I've been doing a bit of work on the Tapestry 5 code base. I'm really interested in making Tapestry 5 screaming fast, and since the code is based on JDK 1.5, we can use concurrency support. Previously, I've blogged about using an aspect to enforce read and write locks. I decided to write a simple benchmark to see what the relative costs were.
As with any benchmark, its only an approximation. I tried enough tricks to ensure that Hotspot wouldn't get in there and over optimize things, but you can never tell. HotSpot is a devious piece of software.
I got interesting, and strange, results:
For a base line, I executed the code with no synchronization whatsoever (simple). The cost of synchronization (synched) shows that synchronization is pretty darn cheap, just an increment on top of the baseline code. The aspect graph shows the cost of using the @Synchronized aspect to maintain a reentrant read/write lock (that is, shared read lock combined with an exclusive write lock). Finally, the rw graph shows the cost of writing code that maintain the read/write lock in normal code (rather than having it added via the aspect).

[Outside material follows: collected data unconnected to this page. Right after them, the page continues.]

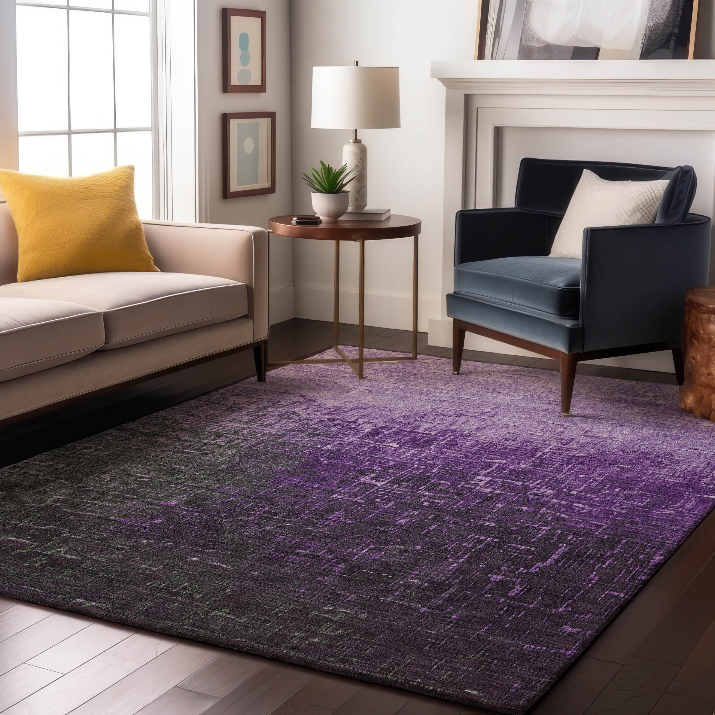 Set an inviting tone in your space with this 9-foot x 12-foot purple gray and charcoal ombre washable area rug with uv protection. Ideal for spaces with kids and pets, this rug is stain resistant to help repel dirt and spilled liquids. Built to last, this rug crafted from polyester fibers is known for its durability and long lasting appeal. Rugs are a great way to showcase your style, hide imperfections, warm your home and reduce noise. This larger sized, transitional styled rug is ready to create a focal point or statement piece in your room. 108.00-inch h x 144.00-inch w x 0.39-inch d.
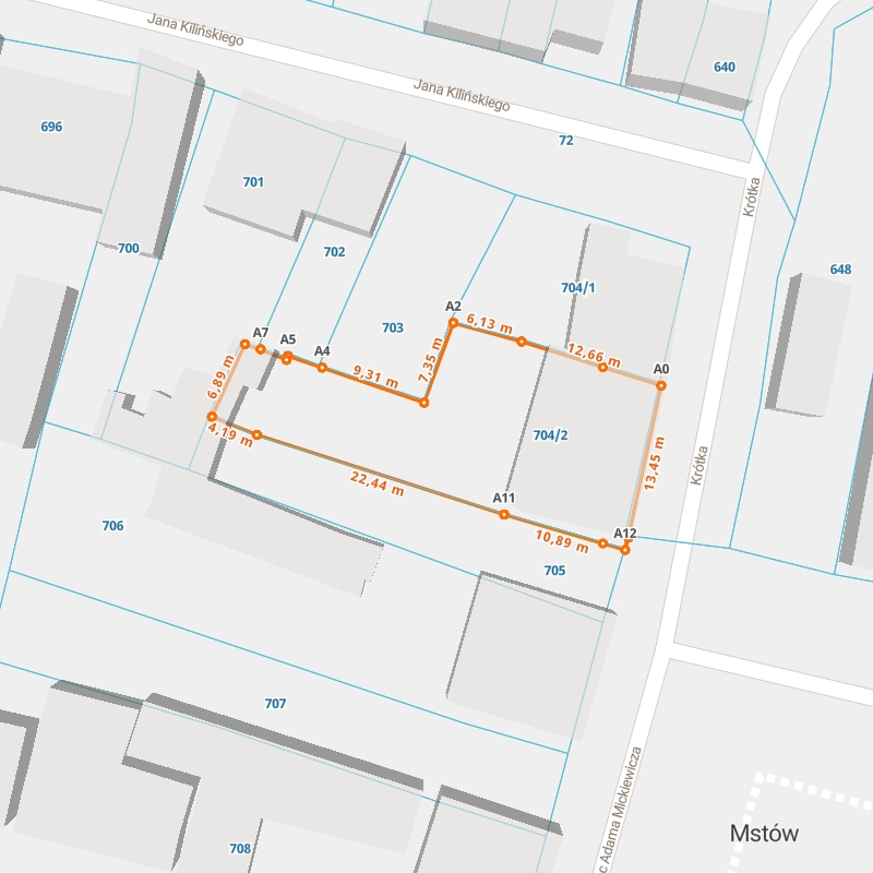 Sprawdź wymiary dowolnej działki oraz wymiary budynków na niej znajdujących się. Wyszukaj działkę po identyfikatorze lub adresie (np: 100204_4.0001.473) lub wyszukaj na mapie Geoportal Mstów. Pobierz raport z wymiarami działki lub bezpłatnie wykonaj pomiary na mapie.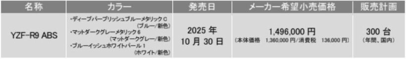ヤマハの新型ミドルスポーツYZF-R9 ABS、6つの特徴。|149.6万円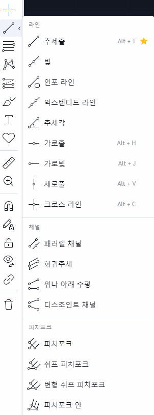 트레이딩뷰 좌측을 보면, 세로로 각종 도구들이 나열된 것을 찾을 수 있을 거에요.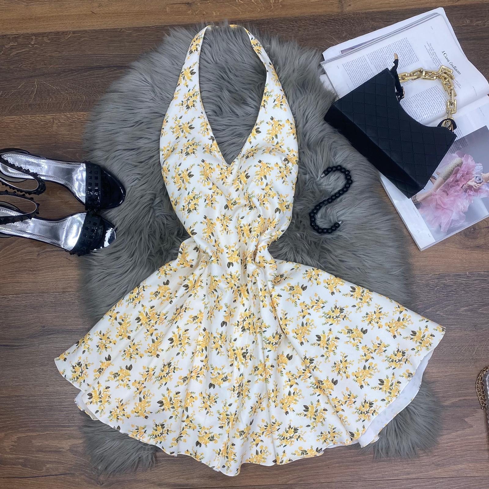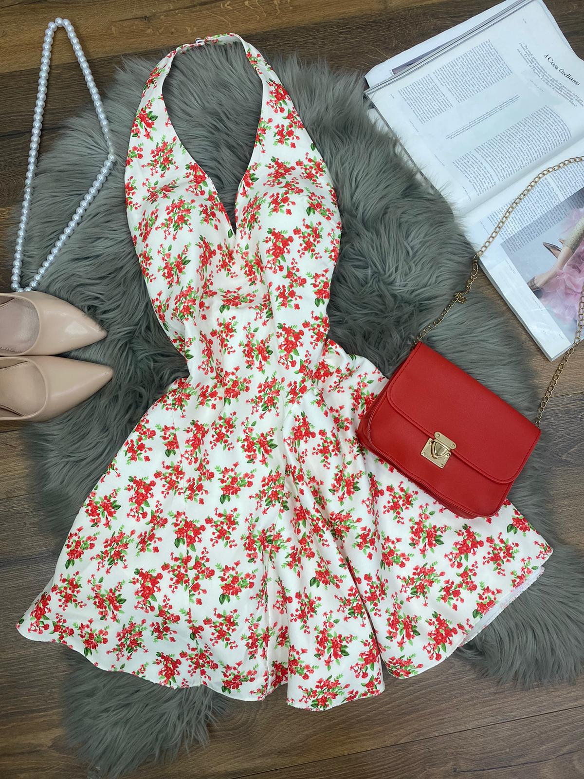 Abito in tessuto strutturato con fantasia floreale, coppe preformate ,allacciatura al collo con bottoncini ed elastico sul retro . Fabbricato in Italia.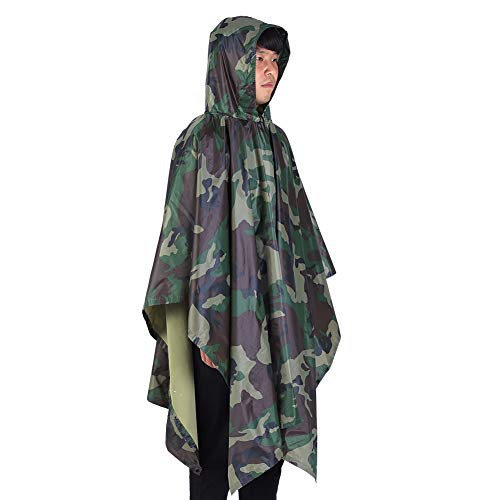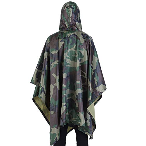 More information about Rain Poncho, Outdoor Lightweight Hooded Ripstop Rain Cape Rain Jacket Military Raincoat Reusable Rain Wear for Camping Hiking Fishing Hunting Sports Events

Synchronization has some overhead. Using the @Synchronization aspect is about 4x as expensive as just using the
synchronized keyword on a method. Strangely, the aspect version operates faster than the pure code version for reasons I can't explain, except it must have something to do with how AspectJ weaves my code (a lot of code I write ends up as private static methods after weaving, which may have some runtime performance advantage).
These results demonstrate an important tradeoff: if your application only occasionally has multiple threads hitting the same methods, then you might want to choose
synchronized, since you aren't in danger of serializing your threads. By serializing, we mean that only one thread is running and all other threads are blocked, waiting for that thread to complete a synchronized block. Serialized threads is what causes throughput for a web site to be bad, even though the CPU isn't maxed out ... it's basically, Moe, Larry and Curly fighting to get through a single, narrow door all at the same time (they race to claim the single, exclusive lock).
Tapestry, on the other hand, will have a number of choke points where many threads will try to simultaneously access the same resource (without modifying it). In those cases, a shared read lock (with the occasional exclusive write lock) costs a little more per thread, but allows multiple threads to operate simultaneously ... and that leads to much higher throughput. Here, Moe, Larry and Curly get to walk through their own individual doors (that is, each of them has a non-exclusive read lock of their own).
As with any benchmark, my little test bench is far, far from a simulation of real life. But I think I can continue to make use of @Synchronized without worrying about tanking the application. In fact, just as I predicted Tapestry 4 would out-perform Tapestry 3, I believe Tapestry 5 will out perform Tapestry 4, by at least as much.